In one of those coincidences which confuse us (and others like Arthur Koestler) and encourage our mind to make false connections the blog was thinking of Eco in Brisbane recently where it was presenting some Master Classes. The context was a discussion of trust raised by one of the participants and which prompted the blog to talk about a concept it had written about many years before – that the ultimate aim of communication is to build trust but to do that organisations need to aspire to authenticity and practise transparency. A few days later, hearing about Eco’s death from cancer at 84, the blog was reminded that the thoughts about trust, authenticity and transparency had been prompted by Eco’s discussion of fakes and reality.
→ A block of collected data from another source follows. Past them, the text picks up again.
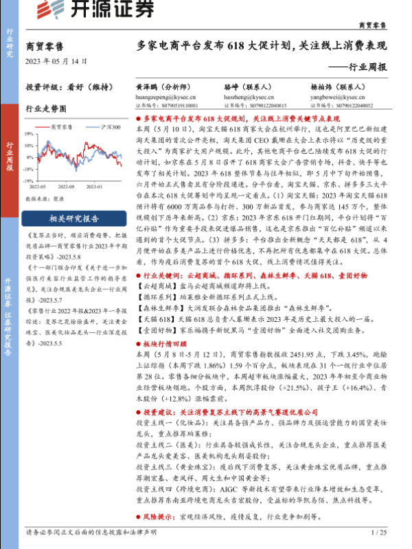【开源证券】【20230514】商贸零售行业周报:多家电商平台发布618大促计划,关注线上消费表现-25页
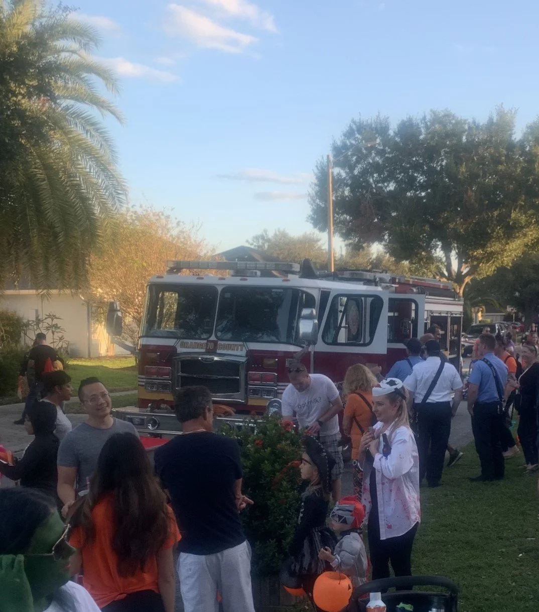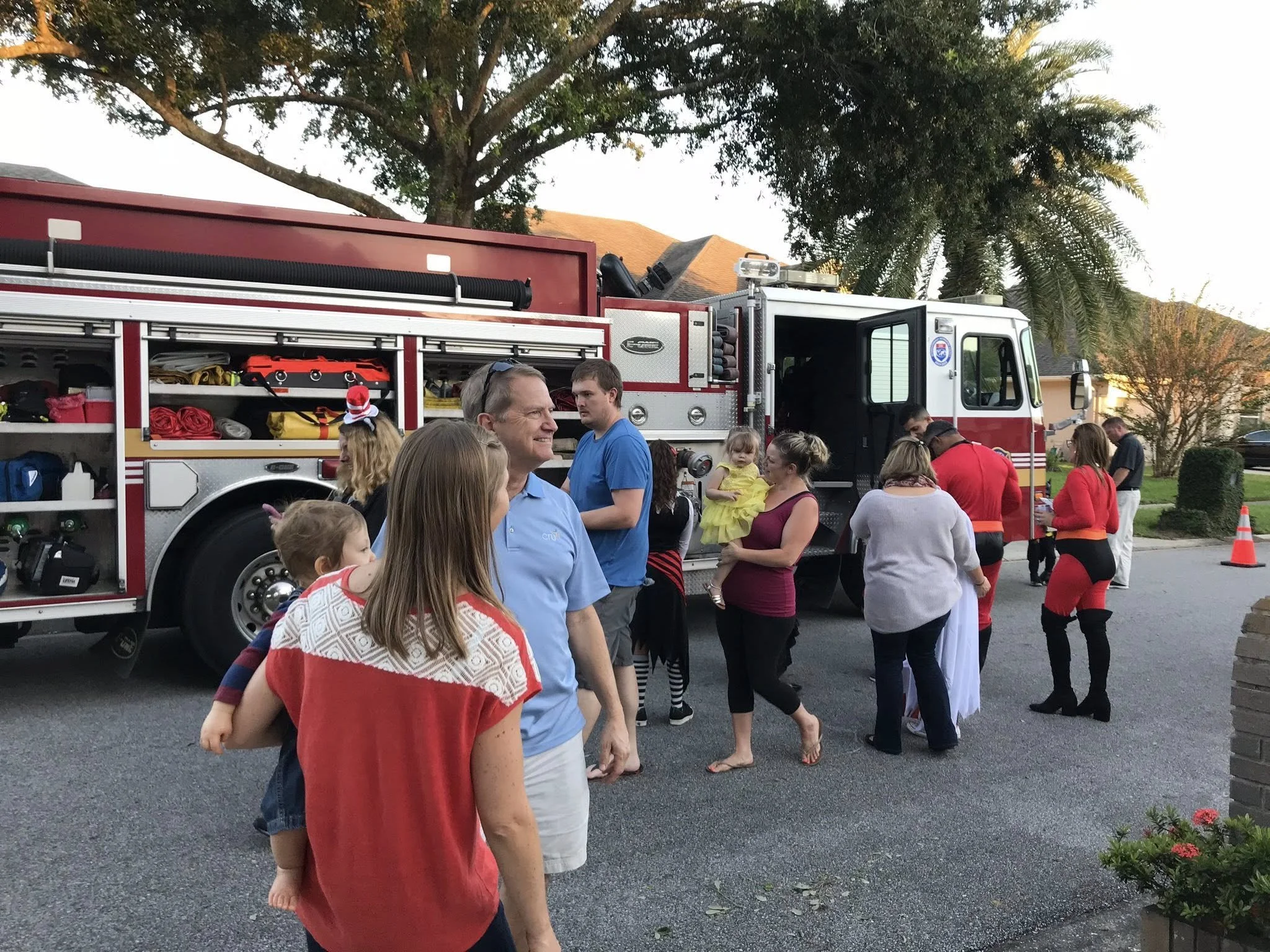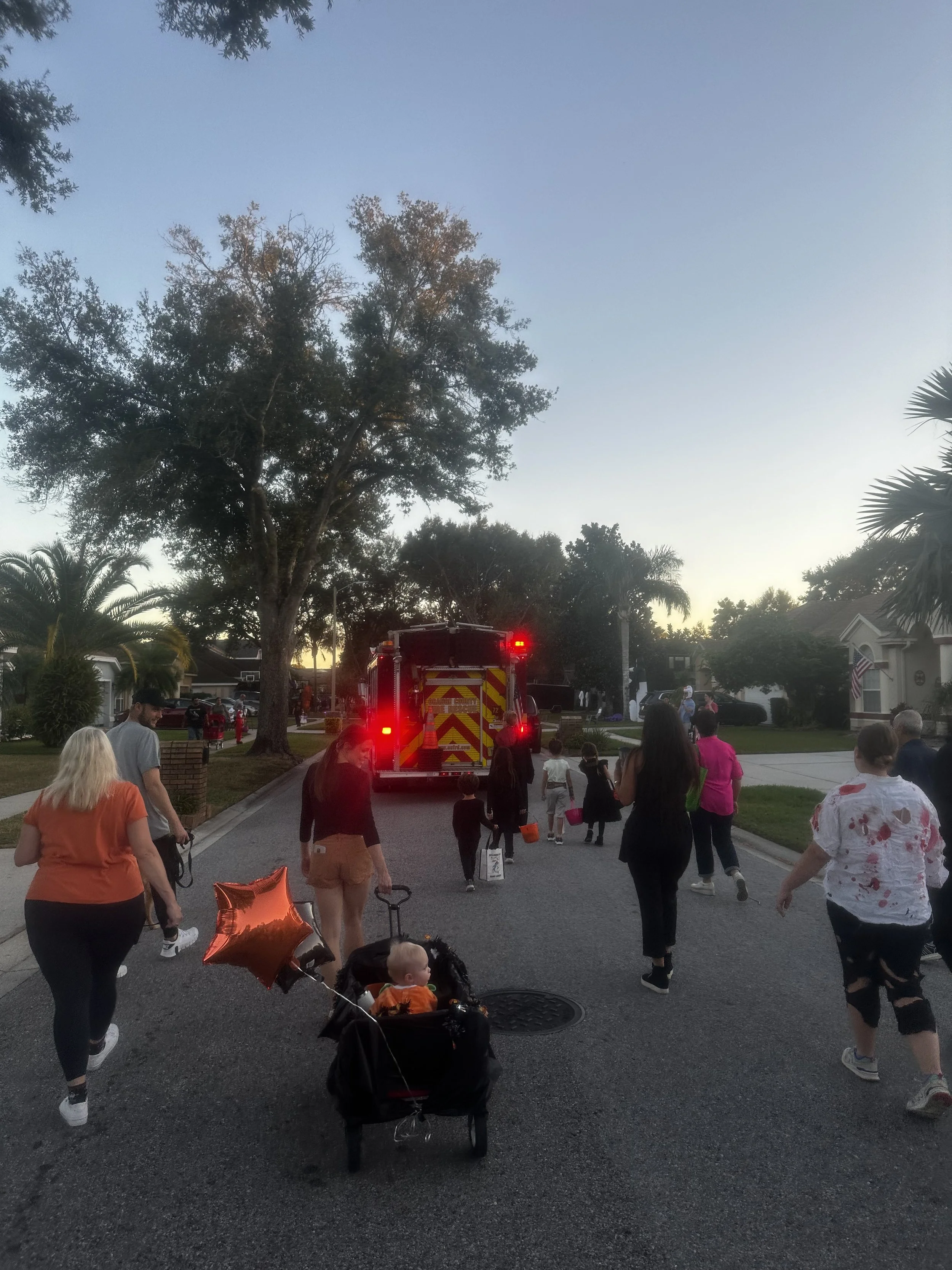 The crowd (slowly!) walks a 1/4 loop behind the fire truck and trick-or-treats along the way! Neighbors post up at the end of their driveways, to allow easy trick-or-treating as the parade passes by.
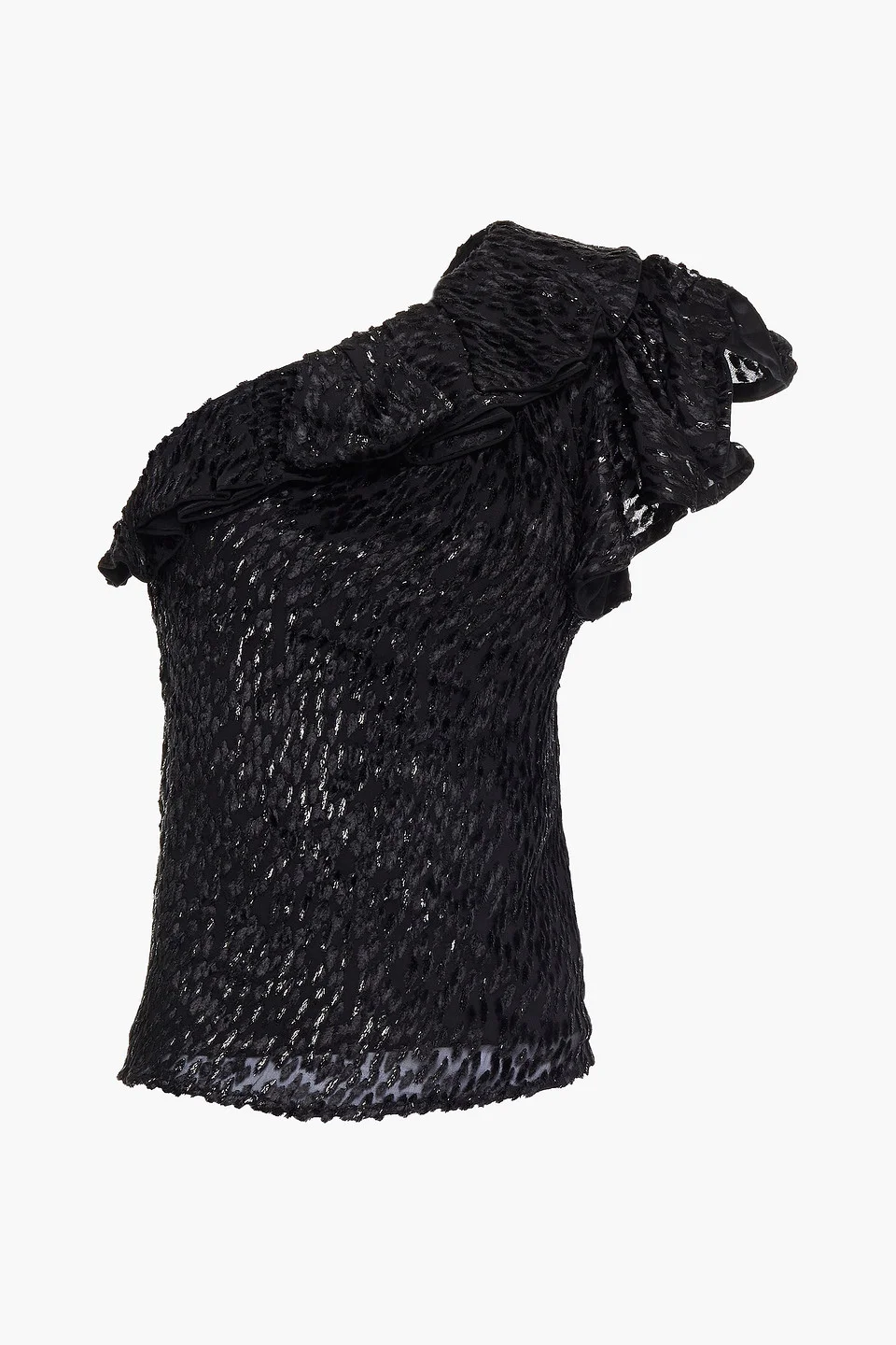 One-shoulder ruffled devoré-velvet top

The blog, of course, never actually contradicts Eco in this respect because it follows up the discussion of trust and authenticity with a paraphrase of the great Marxist (Groucho’s) comment that all you need to succeed is honesty and sincerity and when you learn to fake those you’ve got it made.

In another coincidence, also while in Brisbane, the blog noticed in a magazine that one of the Master Class dates, February 18, was the 500th anniversary of the birth of Mary Tudor (Bloody Mary) and thus the beginning of a period in which 280 people were publicly burnt at the stake. It should be said, as the historian Eamon Duffy reminds us, that Elizabeth probably did away with a similar number but in the depths of the Tower and its dungeons even if the victims were terrorist plotters, spies and potential assassins rather than simple religious dissidents. The relevance to communication? Bloody Mary’s pogroms were the inspiration for what is perhaps one of the most influential pieces of propaganda ever written in English, Foxe’s Book of Martyrs, with its moving descriptions of scenes such as Archbishop Cranmer’s March 21 1556 recantation and his courage in putting the hand that had signed a false confession to the flame first.